Congenital anomalies of the kidneys and urinary tract (CAKUT) occur in 4.2-30/10,000 live births and are the most frequently detected congenital malformation, accounting for 20-30% of all anomalies diagnosed antenatally. These structural kidney and urinary tract malformations are the most common cause of chronic kidney disease (CKD) in children and young people, accounting for approximately half of those requiring dialysis or a kidney transplant.
CAKUT consists of a diverse group of structural malformations characterized by defects in embryonic development. They include renal parenchymal malformations (renal agenesis, hypodysplasia or cystic dysplasia), abnormalities in embryonic renal migration or fusion (ectopic, pelvic, or horseshoe kidney), collecting system defects (pelvi-ureteral junction obstruction [PUJO], duplex kidney, primary megaureter or vesicoureteral reflux [VUR]) and abnormalities of the lower urinary tract causing bladder dysfunction and/or obstruction (posterior urethral valves [PUV], prune belly syndrome and bladder exstrophy).
CAKUT usually occur in isolation, although multiple different malformations can sometimes be seen in the same individual.
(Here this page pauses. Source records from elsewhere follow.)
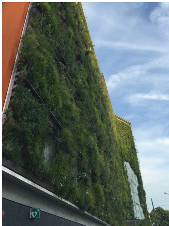
Fig. 10.4 Living wall in Vienna, Municipality Building 48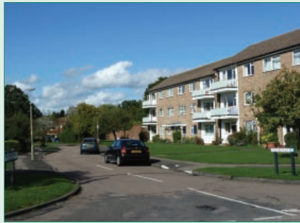
Flats at Flower Court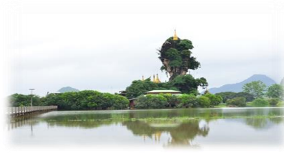
Kyauk Kalab Pagoda in Hpa-an

In a third of cases, CAKUT is associated with extra-renal features, including other congenital anomalies, diabetes or hearing impairment and may also be seen as part of a syndrome affecting multiple organ systems.
CAKUT can be diagnosed during antenatal ultrasound screening. Renal parenchymal malformations may present as absent, echogenic, cystic, or abnormally large or small kidneys. Lower urinary tract obstruction, most frequently associated with PUV in boys, manifests as bilateral hydroureteronephrosis and an enlarged proximal urethra and bladder (resulting in the classic ‘keyhole’ sign on ultrasound images). At the severe end of the spectrum, lack of functional kidney tissue, as is seen in renal agenesis, results in oligo- or anhydramnios (insufficient or absent amniotic fluid which is generated in part by foetal urine) and the characteristic facies, limb anomalies and pulmonary hypoplasia of the Potter sequence which is associated with significant perinatal mortality and morbidity.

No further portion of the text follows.